Molecular Microbiology | 2005
Agathe Subtil; Cédric Delevoye; María-Eugenia Balañá; Laurence Tastevin; Stéphanie Perrinet; Alice Dautry-Varsat
Chlamydiae are strict intracellular parasites that induce their internalization upon contact with the host cell and grow inside an intracellular compartment called an inclusion. They possess a type III secretion (TTS) apparatus, which allows for the translocation of specific proteins in the host cell cytosol. In particular, chlamydial proteins of the Inc family are secreted to the inclusion membrane by a TTS mechanism; other TTS substrates are mostly unknown.

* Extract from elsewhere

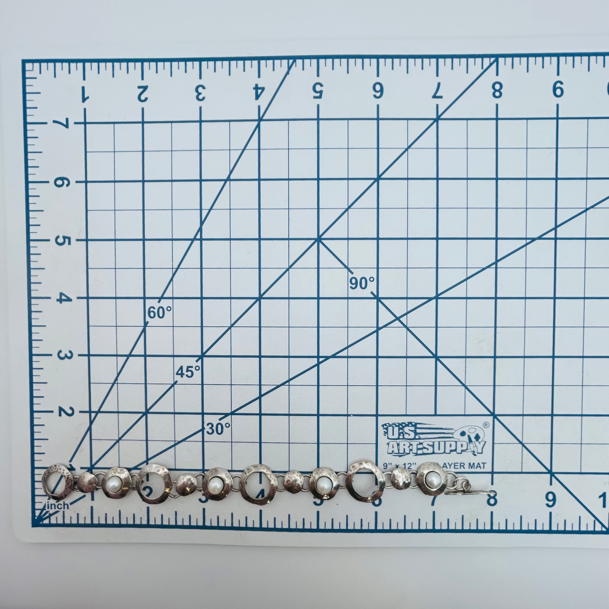 DL Pearl Hammered Open Circle Linked Bracelet Toggle Clasp Signed DL 14.18 G

Using a secretion assay based on the recognition of TTS signals in Shigella flexneri, we searched for TTS signals in the proteins of unknown function, conserved between three different chlamydial species, Chlamydia pneumoniae, C. trachomatis and C. caviae. We identified 24 new candidate proteins which did not belong to the Inc family. Four of these proteins were also secreted as full‐length proteins by a TTS mechanism in S. flexneri, indicating that their translocation does not require other chlamydial proteins. One of these proteins was detected in the cytosol of infected cells using specific antibodies, directly demonstrating that it is translocated in the host cell during bacterial proliferation. More generally, this work represents the first directed search for TTS effectors not based on genetic information or sequence similarity. It reveals the abundance of proteins secreted in the host cell by chlamydiae.